In late 1930s, the ethnologist Mats Rehnberg found some bagpipes in the collections of the museum Nordiska museet, and he wrote a thesis on the subject. Rehnberg managed to find the last carrier of Swedish bagpipe tradition, Gudmunds Nils Larsson in the village Dala-Järna. Rehnberg visited Larsson together with a music teacher, Ture Gudmundsson, who managed to reconstruct an instrument, with which Ture later played and recorded two tunes for the national publicly funded radio broadcaster Sveriges Radio.
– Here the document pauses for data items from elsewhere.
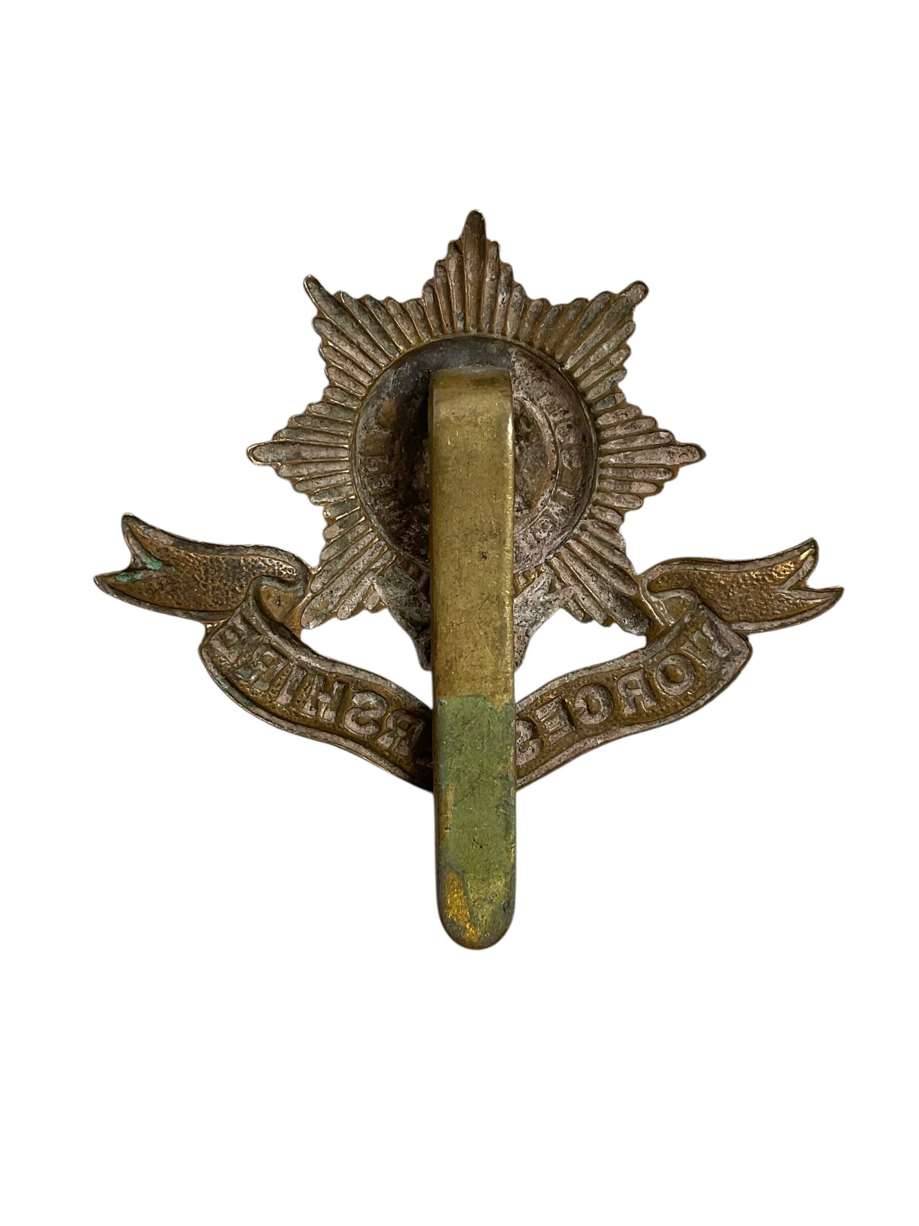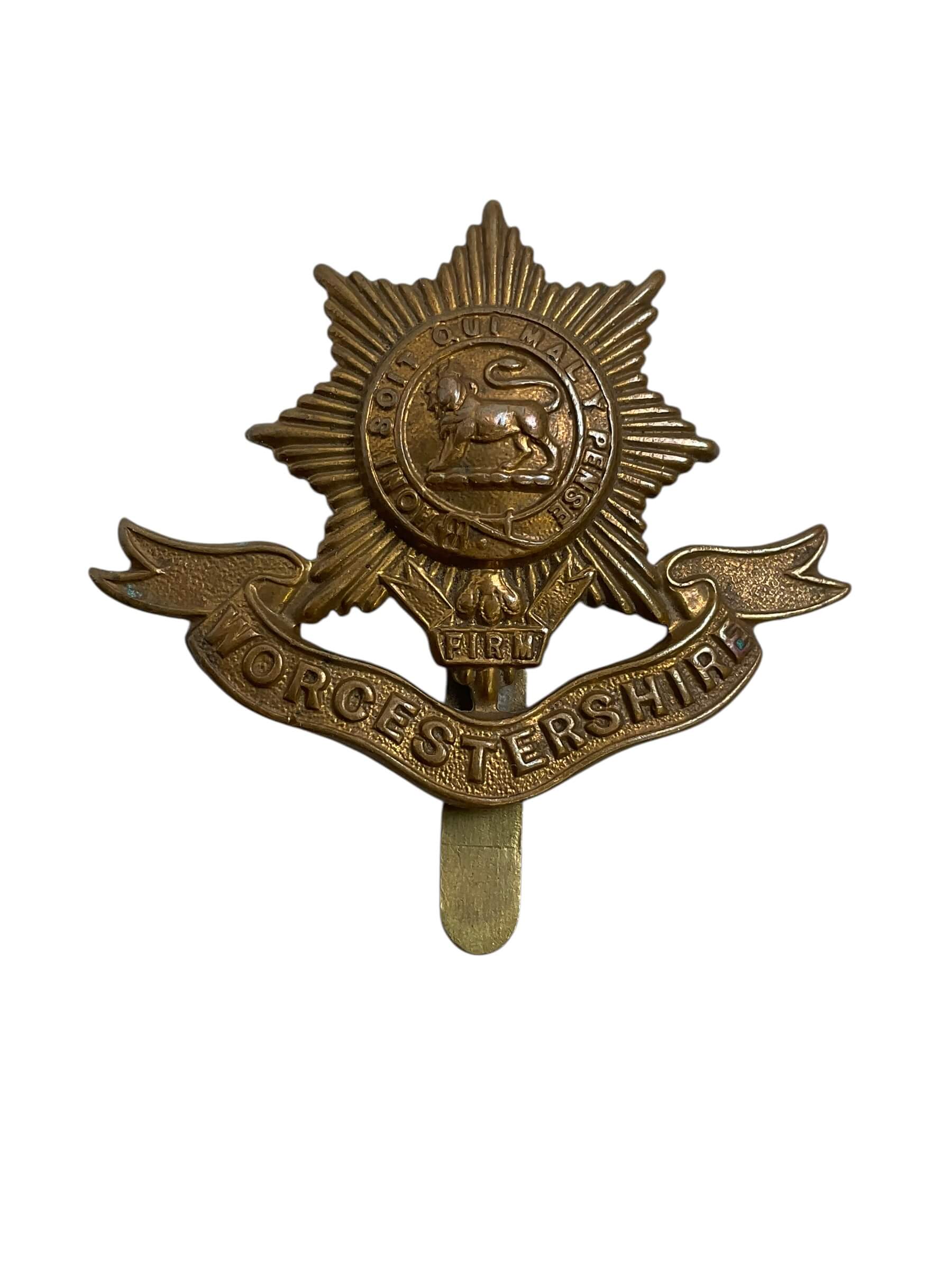 The WW2 British Worcestershire Regiment Cap Badge is a historic military memorabilia from the Second World War. It was worn by the soldiers of the Worcestershire Regiment, a line infantry regiment of the British Army, symbolizing their bravery and dedication. Made of solid brass, the badge features a depiction of a pear tree, signifying the county of Worcestershire, and a lion, representing the British monarchy. The top of the badge is inscribed with the words ‘FIRM’, the motto of the Worcestershire Regiment. With its intricate detailing and historical significance, this cap badge is not just a military artifact, but a piece of history that evokes the spirit of the courageous Worcestershire soldiers who served during the war. It is a valuable item for collectors and military history enthusiasts alike.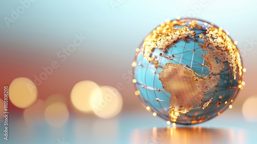 Wall mural : Global connections: illuminated earth globe with warm light bokeh background -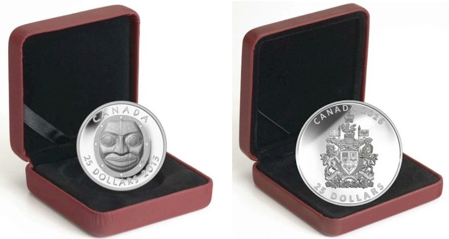 2013 $25 Grandmother Moon Mask & 2016 $25 The Coat of Arms of Canada - Pure Silver Coin. Lot of 2 pcs. Tax Exempt.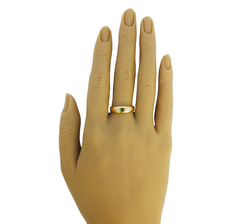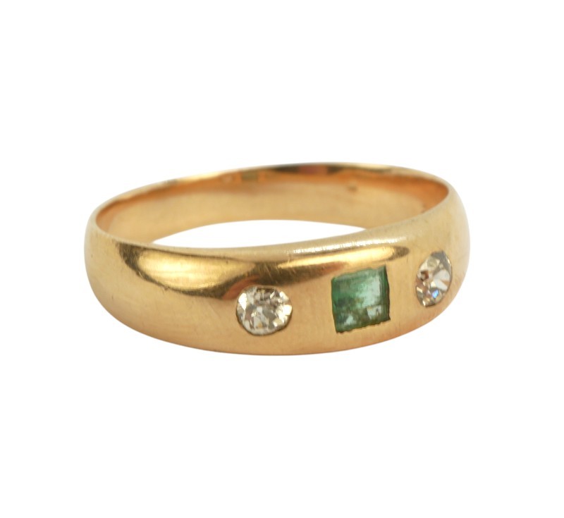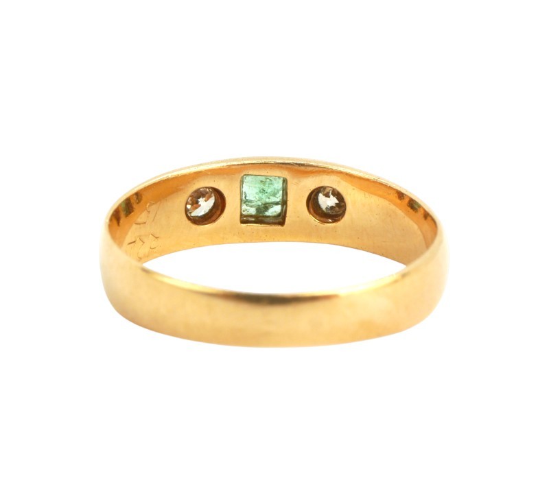 Starožitný zlatý prsten s brilianty a smaragdem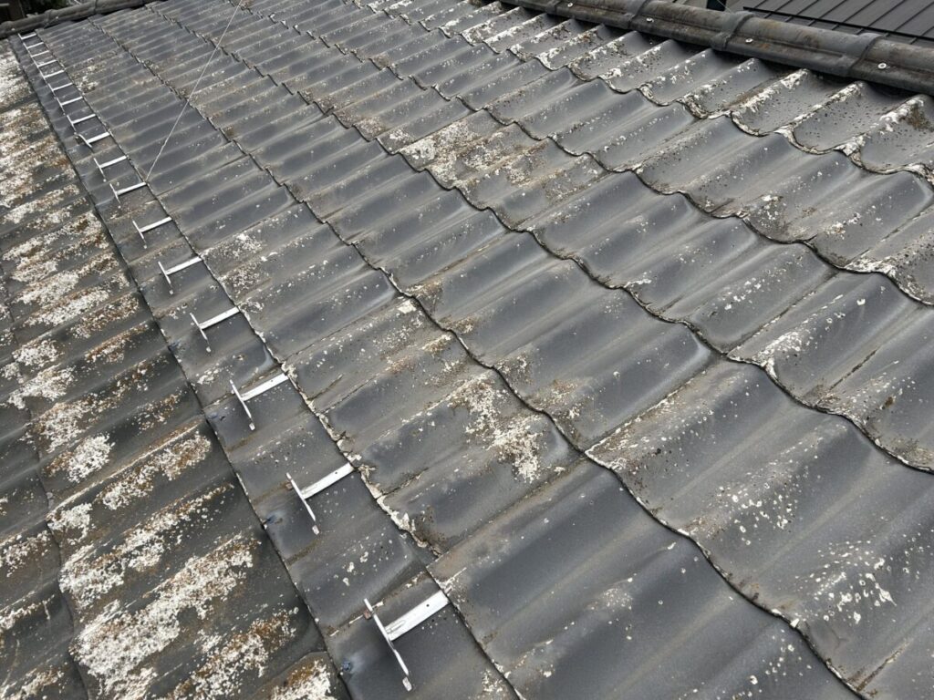ですがこの状態では塗装やシール材で補修などは行えないので、葺き替え内容での見積を提出することとなりました。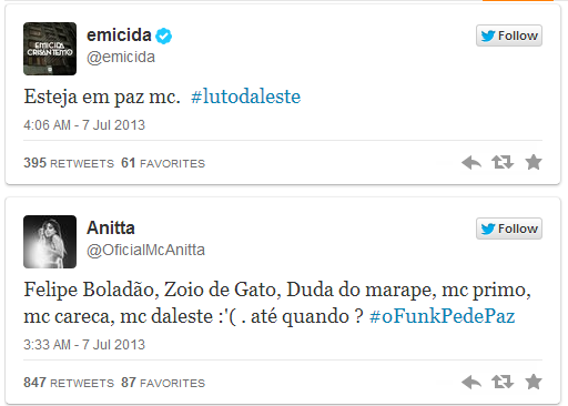 Anitta e Emicida lamentam a morte de Daleste #Lutodaleste #oFunkPedePaz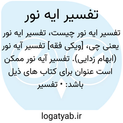 [ویکی فقه] تفسیر آیه نور (ابهام زدایی). تفسیر آیه نور ممکن است عنوان برای کتاب های ذیل باشد: • تفسیر آیه نور (دیلمانی)، اثر محمد شریف (زنده در ۱۱۰۰ ق) فرزند ابورضا دیلمانی از علمای عصر خویش• تفسیر آیه نور (تهرانی)، اثر شیخ هادی تهرانی (۱۲۵۳ - ۱۳۲۱ ق) فرزند محمدامین تهرانی نجفی، از علما و ائمه فتوی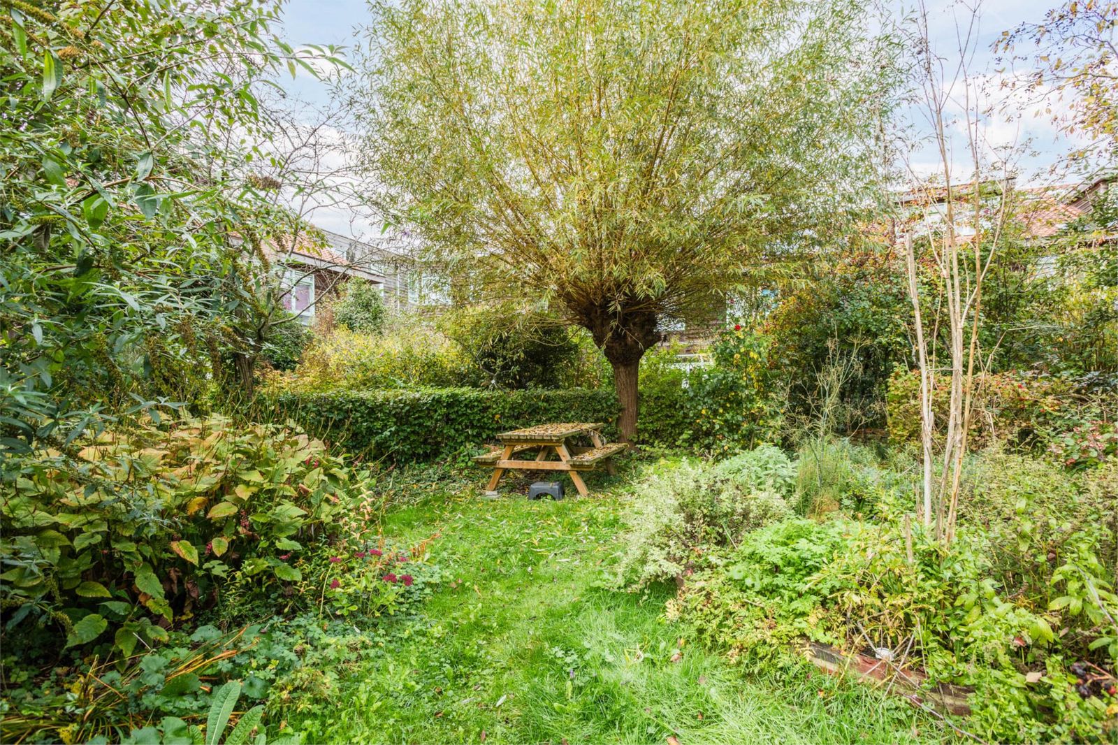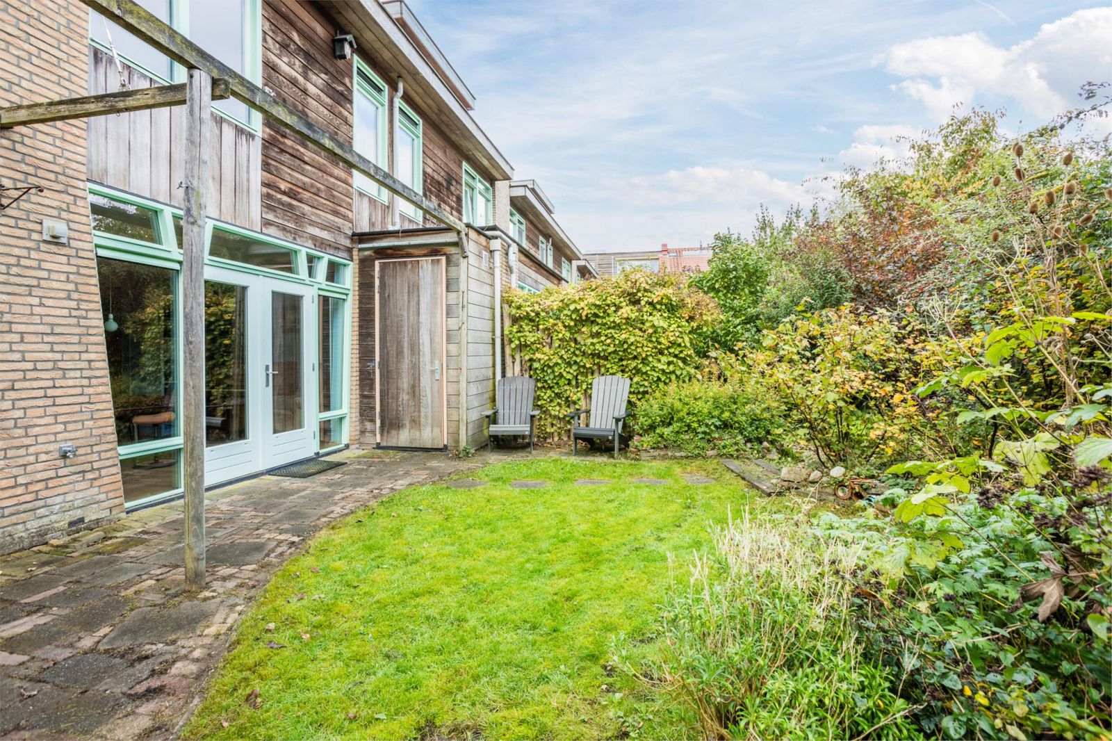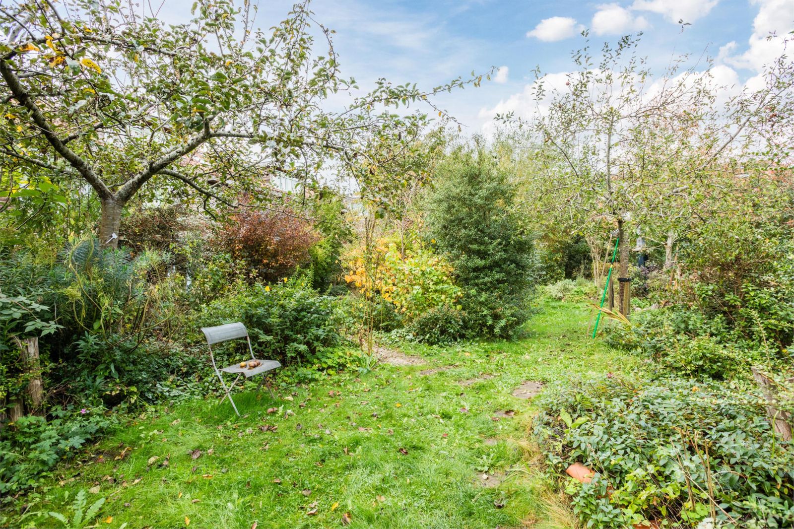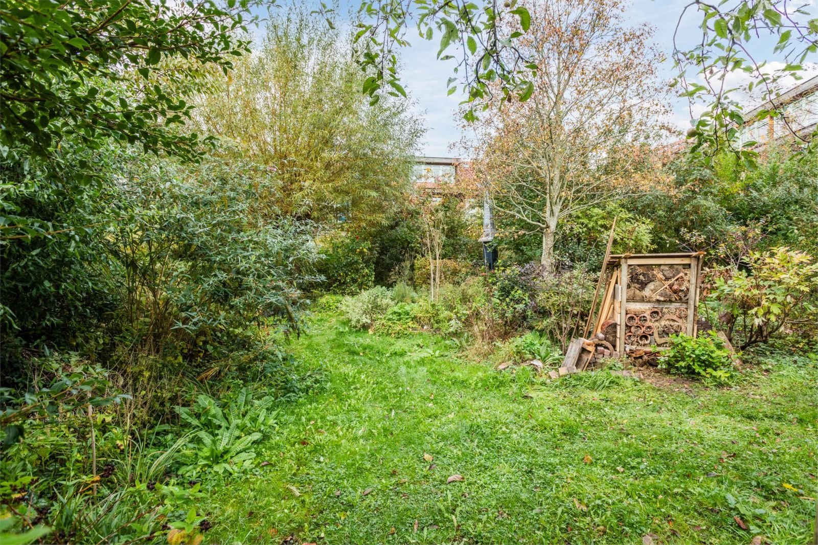De grote tuin aan de achterzijde ligt op het zuidoosten en heeft een tweede terrasje voor de middagzon. In de tuinkast passen tuinstoelen en tuingereedschap. Aan de zijkant is een ruim houthok voor brandhout. Voortuin heeft een bankje voor de avondzon. Fietsen staan in de gemeenschappelijke fietsenberging om de hoek, een halve minuut lopen.

During the following decades only a few instruments were made, until 1981 when woodworker Leif Eriksson (pipemaker) started to manufacture a model of bagpipes that he himself had developed, and the folk fiddler Per Gudmundson learned to play it. Eriksson's bagpipes was a compromise between the roughly ten different instruments held in museums, and he made some slight modifications to make the instruments better suited for playing with other instruments such as the fiddle.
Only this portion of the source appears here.